Quand la Ville cire le banc

Reconnaissable par la profusion d’images de synthèse, plans et schémas en tout genre, l’approche marketing du projet de la Valais Arena et de l’écoquartier VIVA semble offrir à la Ville de Sierre les garanties d’une réponse urbaine clé en main. Alors que le projet a pu accuser un certain retard à la suite des études-tests, l’arrivée d’un unique promoteur accompagné d’une équipe de mandataires couvrant l’entièreté des domaines requis, jusqu’à la mise en service du quartier et la régie immobilière, séduit. Mais leur entrée en jeu signe la fermeture des espaces de discussion, emportant l’ensemble des décisions sur le terrain de la négociation. L’assurance de la mise en fonction de la patinoire dans les meilleurs délais se paye au prix fort, avec notamment la mise à disposition des terrains appartenant à la Ville, qui plus est à des conditions avantageuses. Concédé par les termes de l’accord-cadre, le quasi-monopole du groupe Valais Arena sur les près de neuf hectares du quartier semble cantonner l’action de la Ville et de ses mandataires à des aménagements extérieurs étroitement régis par le programme sportif et la densité résidentielle.

            Peut-on alors parler de hold-up? Malgré son assise foncière conséquente, une situation attractive, un programme porteur et un départ de projet prometteur, la Commune s’est défaite de ses terrains et, par la même occasion, de la maîtrise du projet. Comme d’autres communes suisses, la Ville de Sierre se révèle démunie en termes d’outils face à la complexité de l’entreprise. Elle a ainsi opté pour un projet figé plutôt que pour une solution plus souple avec une pluralité d’acteurs et un phasage visant à prévenir d’éventuels blocages, pouvant mener – au pire des cas – à la friche urbaine. Elle relègue par la même occasion les possibilités d’influer sur le cours du projet à des stratégies politiques et légales, qu’elles émanent d’une opposition citoyenne et/ou d’une prise de position de la part du Canton. C’est le cas actuellement avec la plainte contre la Ville de Sierre et le recours contre la décision du Conseil général du 11 décembre 2024 déposés par l’association Condemines.info auprès du Conseil d’État6. L’association a par ailleurs lancé une récolte de signatures pour que le projet soit soumis à la votation et propose un contre-projet pour la patinoireD’autres dispositions pourraient également permettre d’adoucir la surdensité du quartier comme le conditionnement des subventions du Canton pour la patinoire ou un changement en bout de ligne dans la révision du PAZ/RCCZ qui sera mis à l’enquête publique au printemps prochain. 
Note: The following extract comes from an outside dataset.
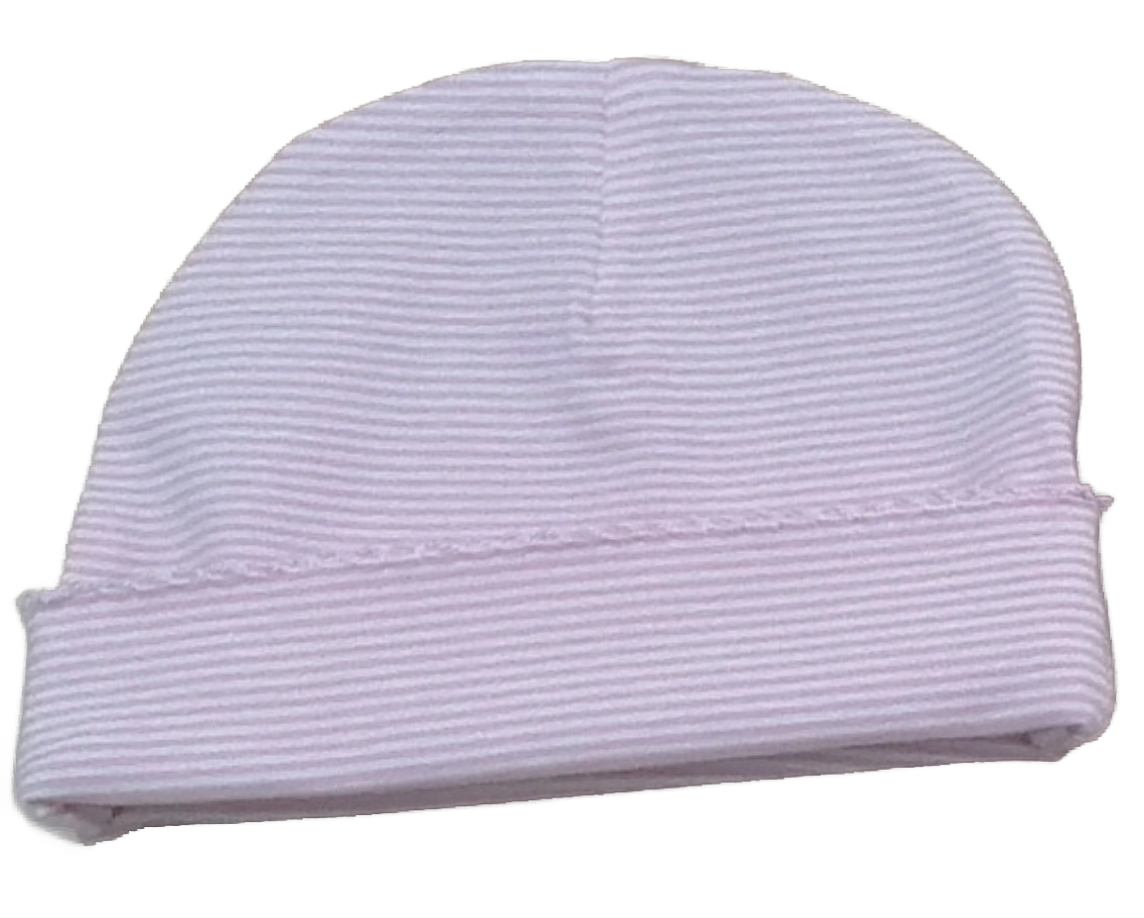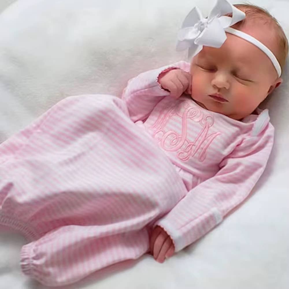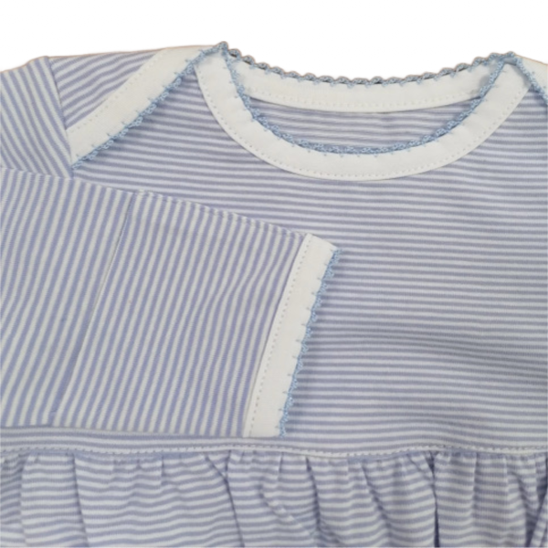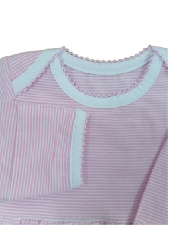 , finely-striped Pink or Blue on White fabric, featuring long sleeves and gathered elastic at the bottom for secure coverage. This classic style serves both comfort and practicality for babies, keeping them warm and making dressing simple. The gown's gently color and timeless design highlight its suitability for everyday use, while also carrying heirloom qualities as made with cotton and quality craftsmanship.

Plébiscitée par la population sierroise, la nouvelle patinoire – et son financement – est présentée par les acteurs tant privés que publics comme l’élément déclencheur du tournant pris par le projet de quartier entre 2020 et 2023. Elle est aujourd’hui au cœur d’une spirale spéculative qui impose l’intégration d’activités annexes pour garantir sa viabilité, entrainant à sa suite une maximisation du projet dans son ensemble. À l’instar d’un Christian Constantin qui, des années durant, a construit des centres commerciaux en promettant des stades de football, les promoteurs et financeurs de la Valais Arena ont su miser par opportunisme sur les besoins d’une commune. Avec la profusion de nouvelles patinoires qui émaillent le territoire, on peut se demander s’il est encore possible de créer des halles de glace sans leur accoler des galeries commerciales. À Sierre, le ticket pour le match est cher payé.  

Notes

 

1. Lucien Barras est architecte-urbaniste, fondateur de Nomad à Sion (VS). Après avoir contribué en tant qu’expert aux études-tests pour l’image directrice «Condémines 20-30», il a alerté TRACÉS sur les orientations finales du projet actuel.

 

2. Les études-tests ont rassemblé cinq équipes: Actes Collectifs (Sion), Varone Villé Architectes (Sion), Éric Papon & Partenaires (Sierre), Pont12 architectes (Chavannes-près-Renens), Raum404 (Zurich) et Tribu Architecture (Lausanne). Parmi elles, les trois dernières ont accepté de s’exprimer sur le sujet, ainsi que Laurence Salamin, cheffe du service édilité et urbanisme de la Ville de Sierre.

 

3. Les informations concernant la chronologie du projet sont présentées sur le site valais-arena.ch et la plaquette de présentation du projet disponible également en ligne (Urban Project, août 2024). 

 

4. Sur le quartier de l’Étang, voir «L’Étang à Ver­nier: de quoi le la­bel SNBS-Quartier est-il le nom?», Stéphanie Sonnette, TRACÉS n°3539, février 2024; et «Avan­chet-Parc, l’Étang: de la barre à l’îlot, de la cité au quar­tier», Marion Cruz Absi, 17.05.2023, espazium.ch

 

5. Principaux axes du partenariat public-privé (document de présentation du projet, août 2024, Urban Project) : 

  • (…) la mise à disposition par la Ville de Sierre des terrains du secteur 1 à des conditions préférentielles, accompagnée de subventions publiques pour créer les conditions de viabilité de l'investissement privé de la Valais Arena et permettre son usage public.
  • Les secteurs 2 et 3 sont mis à disposition contre juste rémunération, pour permettre à la partie privée d'assurer la viabilité à long terme de la Valais Arena.
  • (…) le secteur 1 fera l'objet d'un droit de superficie distinct et permanent (DSDP) aux modalités définies, les parcelles des secteurs 2 et 3 seront vendues aux investisseurs respectivement aux prix de CHF 800.–/m2 et 950.–/m2.
  • Les densités des secteurs 2 et 3 sont précisées. Elles peuvent atteindre un indice brut d'utilisation du sol (IBUS) maximum de 2,5 selon la qualité du projet.
  • Les espaces publics resteront en main de la Ville de Sierre et ne feront pas partie de la vente. Leur densité constructible sera transférée sur les surfaces vendues. En compensation, les parties privées financent les aménagements publics dans les secteurs 1 et 2.
  • (…) la participation de la Ville de Sierre et des collectivités à hauteur de CHF 30'000'000.– pour la construction de la Valais Arena et de CHF 1'500'000.– par an pour son exploitation. 

     

6. Toutes les informations recueillies par l’association ainsi que la plainte et le recours déposés, la proposition de contre-projet et le formulaire de récoltes sont disponibles sur condemines.info.